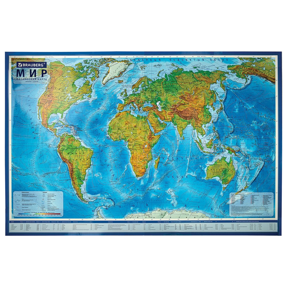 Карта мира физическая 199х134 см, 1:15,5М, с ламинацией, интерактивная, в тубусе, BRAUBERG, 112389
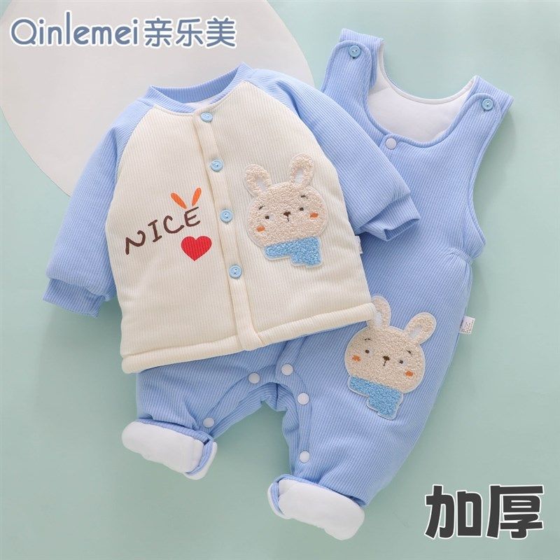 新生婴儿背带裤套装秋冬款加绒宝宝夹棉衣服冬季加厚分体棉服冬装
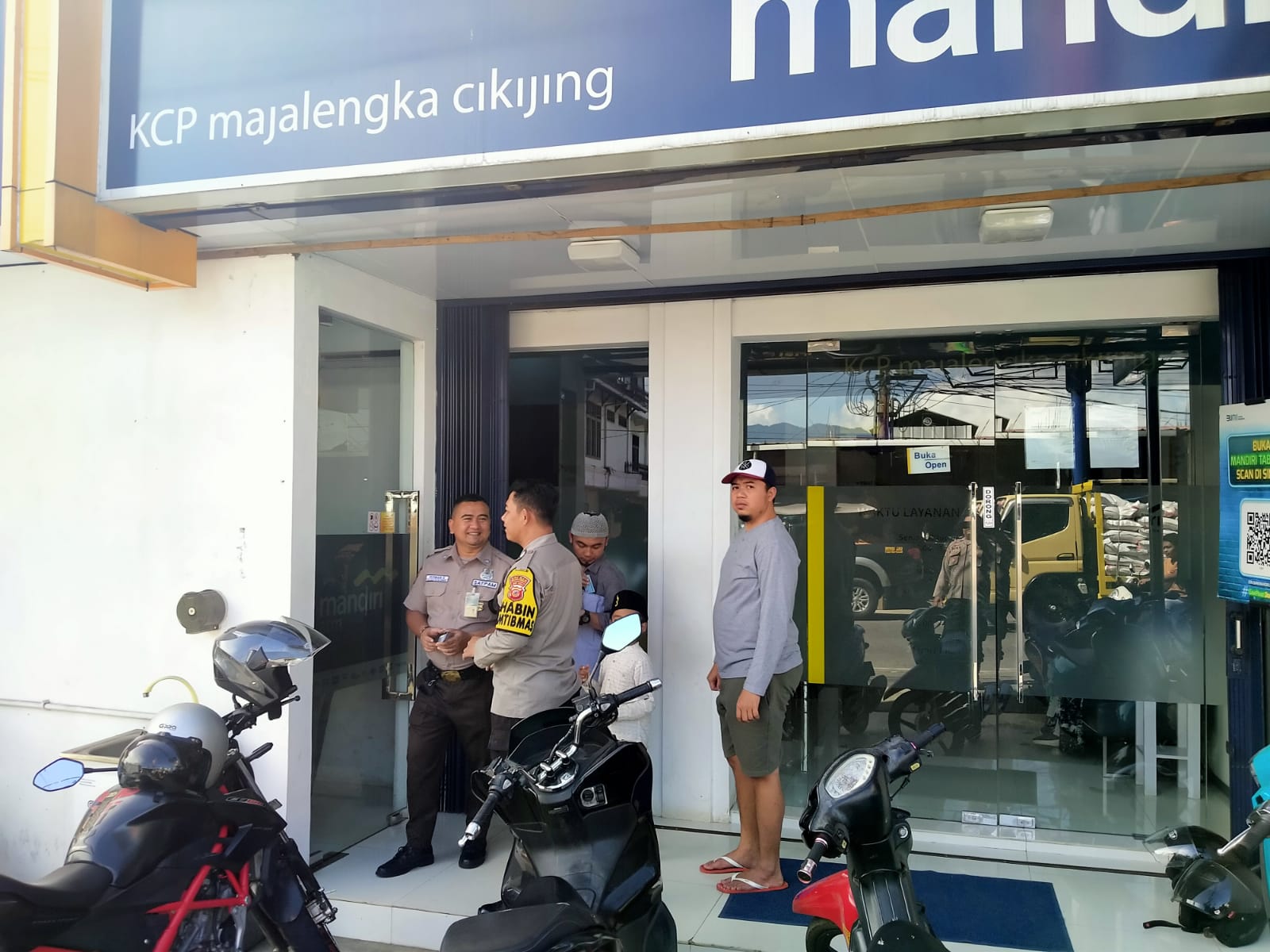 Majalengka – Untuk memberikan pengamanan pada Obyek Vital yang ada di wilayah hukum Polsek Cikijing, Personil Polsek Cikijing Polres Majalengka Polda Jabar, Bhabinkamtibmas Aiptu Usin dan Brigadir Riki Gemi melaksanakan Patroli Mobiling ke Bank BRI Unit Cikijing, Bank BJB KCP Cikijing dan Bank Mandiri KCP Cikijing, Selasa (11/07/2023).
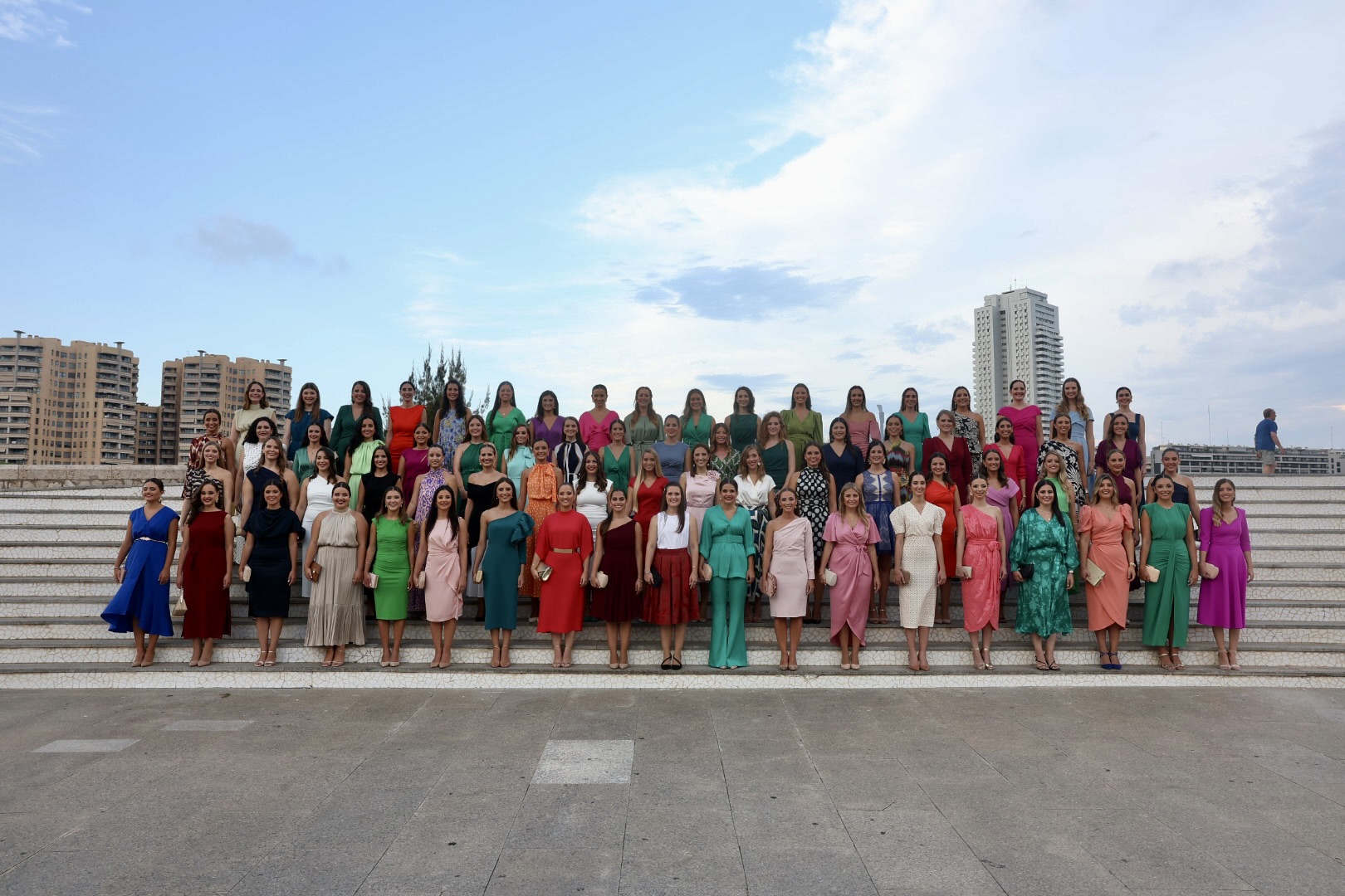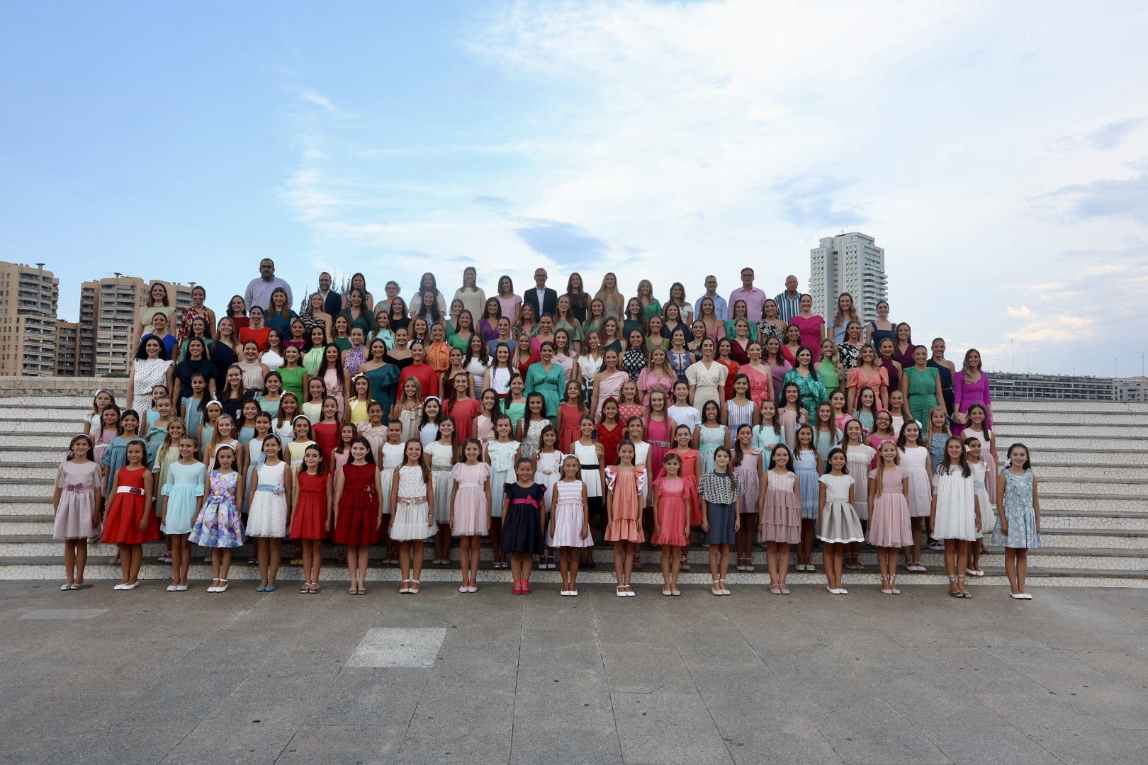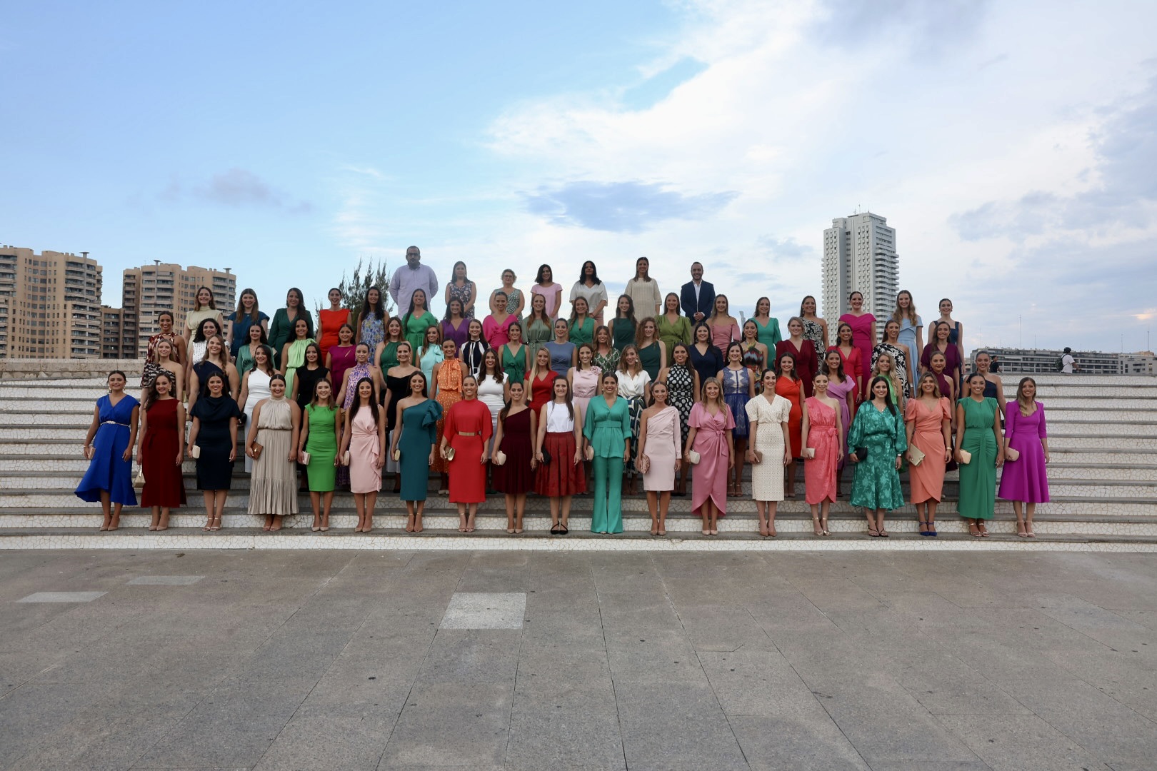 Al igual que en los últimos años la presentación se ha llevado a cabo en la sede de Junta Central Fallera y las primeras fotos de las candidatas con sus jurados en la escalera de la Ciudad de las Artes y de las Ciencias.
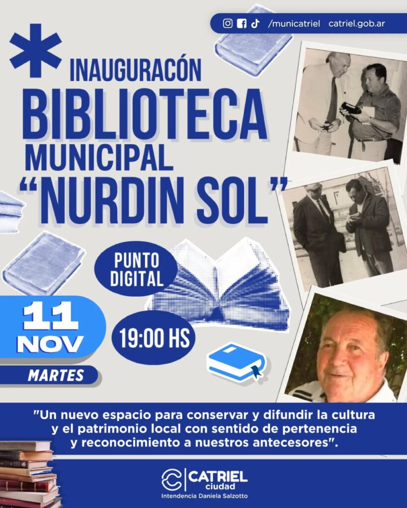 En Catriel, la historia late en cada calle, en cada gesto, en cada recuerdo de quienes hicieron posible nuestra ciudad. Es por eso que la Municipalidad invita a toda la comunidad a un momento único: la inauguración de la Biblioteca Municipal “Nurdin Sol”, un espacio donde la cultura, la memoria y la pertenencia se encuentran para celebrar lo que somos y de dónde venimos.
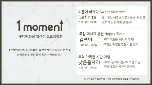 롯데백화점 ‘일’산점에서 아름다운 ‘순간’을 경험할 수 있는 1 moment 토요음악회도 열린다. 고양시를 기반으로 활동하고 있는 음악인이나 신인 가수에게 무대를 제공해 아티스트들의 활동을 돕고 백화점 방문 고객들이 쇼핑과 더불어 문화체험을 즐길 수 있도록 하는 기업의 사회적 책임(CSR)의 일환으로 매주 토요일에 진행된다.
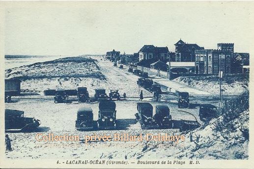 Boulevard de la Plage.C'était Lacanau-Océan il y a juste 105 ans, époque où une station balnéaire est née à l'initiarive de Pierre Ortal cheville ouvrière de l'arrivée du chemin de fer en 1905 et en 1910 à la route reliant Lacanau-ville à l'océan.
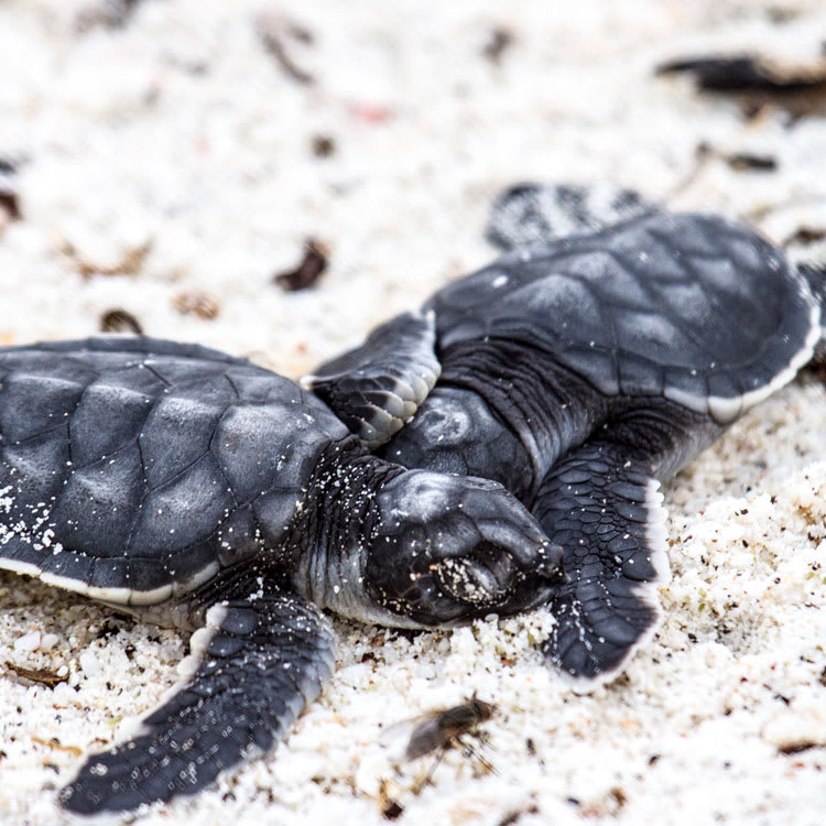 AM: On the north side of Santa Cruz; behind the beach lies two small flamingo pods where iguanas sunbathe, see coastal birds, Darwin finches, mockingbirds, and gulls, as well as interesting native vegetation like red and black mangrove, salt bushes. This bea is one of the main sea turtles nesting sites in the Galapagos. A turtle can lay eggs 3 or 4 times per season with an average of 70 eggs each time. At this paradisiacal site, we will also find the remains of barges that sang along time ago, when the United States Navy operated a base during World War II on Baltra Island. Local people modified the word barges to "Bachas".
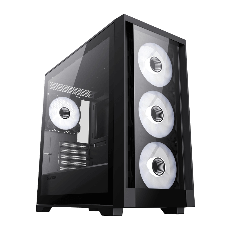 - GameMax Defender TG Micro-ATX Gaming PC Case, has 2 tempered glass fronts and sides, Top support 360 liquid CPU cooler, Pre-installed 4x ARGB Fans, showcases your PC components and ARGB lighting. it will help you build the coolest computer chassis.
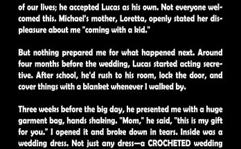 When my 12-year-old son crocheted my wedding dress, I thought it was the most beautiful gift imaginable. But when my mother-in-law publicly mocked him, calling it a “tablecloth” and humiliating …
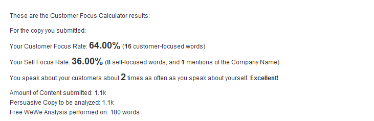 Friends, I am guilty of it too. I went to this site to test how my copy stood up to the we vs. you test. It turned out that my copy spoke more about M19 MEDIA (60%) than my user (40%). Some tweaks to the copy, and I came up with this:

### About this task
Each entry should be output word for word, with no pictures carried over.

### Answer space
 Карта мира физическая 199х134 см, 1:15,5М, с ламинацией, интерактивная, в тубусе, BRAUBERG, 112389
 新生婴儿背带裤套装秋冬款加绒宝宝夹棉衣服冬季加厚分体棉服冬装
 Majalengka – Untuk memberikan pengamanan pada Obyek Vital yang ada di wilayah hukum Polsek Cikijing, Personil Polsek Cikijing Polres Majalengka Polda Jabar, Bhabinkamtibmas Aiptu Usin dan Brigadir Riki Gemi melaksanakan Patroli Mobiling ke Bank BRI Unit Cikijing, Bank BJB KCP Cikijing dan Bank Mandiri KCP Cikijing, Selasa (11/07/2023).
 Al igual que en los últimos años la presentación se ha llevado a cabo en la sede de Junta Central Fallera y las primeras fotos de las candidatas con sus jurados en la escalera de la Ciudad de las Artes y de las Ciencias.
 En Catriel, la historia late en cada calle, en cada gesto, en cada recuerdo de quienes hicieron posible nuestra ciudad. Es por eso que la Municipalidad invita a toda la comunidad a un momento único: la inauguración de la Biblioteca Municipal “Nurdin Sol”, un espacio donde la cultura, la memoria y la pertenencia se encuentran para celebrar lo que somos y de dónde venimos.
 롯데백화점 ‘일’산점에서 아름다운 ‘순간’을 경험할 수 있는 1 moment 토요음악회도 열린다. 고양시를 기반으로 활동하고 있는 음악인이나 신인 가수에게 무대를 제공해 아티스트들의 활동을 돕고 백화점 방문 고객들이 쇼핑과 더불어 문화체험을 즐길 수 있도록 하는 기업의 사회적 책임(CSR)의 일환으로 매주 토요일에 진행된다.
 Boulevard de la Plage.C'était Lacanau-Océan il y a juste 105 ans, époque où une station balnéaire est née à l'initiarive de Pierre Ortal cheville ouvrière de l'arrivée du chemin de fer en 1905 et en 1910 à la route reliant Lacanau-ville à l'océan.
 AM: On the north side of Santa Cruz; behind the beach lies two small flamingo pods where iguanas sunbathe, see coastal birds, Darwin finches, mockingbirds, and gulls, as well as interesting native vegetation like red and black mangrove, salt bushes. This bea is one of the main sea turtles nesting sites in the Galapagos. A turtle can lay eggs 3 or 4 times per season with an average of 70 eggs each time. At this paradisiacal site, we will also find the remains of barges that sang along time ago, when the United States Navy operated a base during World War II on Baltra Island. Local people modified the word barges to "Bachas".
 - GameMax Defender TG Micro-ATX Gaming PC Case, has 2 tempered glass fronts and sides, Top support 360 liquid CPU cooler, Pre-installed 4x ARGB Fans, showcases your PC components and ARGB lighting. it will help you build the coolest computer chassis.
 When my 12-year-old son crocheted my wedding dress, I thought it was the most beautiful gift imaginable. But when my mother-in-law publicly mocked him, calling it a “tablecloth” and humiliating …
 Friends, I am guilty of it too. I went to this site to test how my copy stood up to the we vs. you test. It turned out that my copy spoke more about M19 MEDIA (60%) than my user (40%). Some tweaks to the copy, and I came up with this:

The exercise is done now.